For what it's worth the XPS 9365 which has a different BIOS core has these
exact same behaviors on Linux if booted with the TBT dock plugged in.

>
> Now, this is probably where Windows does something else, like it may
> skip re-configuring phase which could explain why it works. However, to
> me this looks pretty much like a bug in the BIOS/firmware as we are
> expecting the BIOS to configure the PCIe devices properly before the OS
> is send ACPI hotplug event.
>

I'll reach out to the BIOS guys to see if they can give some more comments
from their perspective.

I came across something interesting from browsing MSDN about this topic.
It hasn't been updated in a long time but I think should still be a relevant
indication of the approach that Windows was taking and why the firmware
is this way and expecting OS to reconfigure.

"The BIOS cannot preconfigure PCI-to-PCI (P2P) bridges on adapters during
hot plug. Consequently, the operating system assigns resource windows of
a default size to a bridge.

I/O window. The default size for the I/O window is 4 KB in Windows 2000,
Windows XP, and Windows Server 2003.
Memory window. The configuration for the memory window differs for
Windows 2000, Windows XP, and Windows Server 2003:
* For Windows 2000, the default size for the memory window is 2 MB.
* For Windows XP and Windows Server 2003, the operating system
first attempts to find a memory window of 32 MB. If it cannot find a
window of that size, the operating system attempts to find a memory
window of progressively smaller sizes (16, 8, 4, 2, and finally 1 MB) until
it finds a size that works."

> We need to handle this in Linux in the same way Windows does but
> currently I have no idea.
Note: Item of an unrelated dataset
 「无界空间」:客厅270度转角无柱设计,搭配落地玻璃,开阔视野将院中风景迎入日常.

It is however, more related to our PCI
> enumeration code than the patches in question, I think.
>

Come to think of it, I have seen the dock have troubles if plugged in at
boot on Linux even with SL0 before this patch series.
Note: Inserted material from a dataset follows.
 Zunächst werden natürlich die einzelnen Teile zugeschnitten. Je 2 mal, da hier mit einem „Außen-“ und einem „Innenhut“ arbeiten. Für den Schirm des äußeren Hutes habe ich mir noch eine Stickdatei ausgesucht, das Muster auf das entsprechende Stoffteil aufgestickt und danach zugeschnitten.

> I also have a Dell 9350 here so I can reproduce the problem and I'm
> going to investigate this further probably involving Linux PCI people.
To clarify are you reproducing it with a TB16 or some other TBT device?

>
> My testing on the machine shows this behaviour only when the cable is
> connected during boot.

Yep same.

>
> If I connect the cable after OS is booted I don't see the problem, even
> if I do unplug / plug cycle.
>
> Can you try that also (again)? And if you see the problem, send me the
> dmesg? I have the latest BIOS (1.4.17) and NVM 16 so this machine
> configuration should match yours if I'm not mistaken.

It does work properly if I boot no cable plugged in and then plug one in.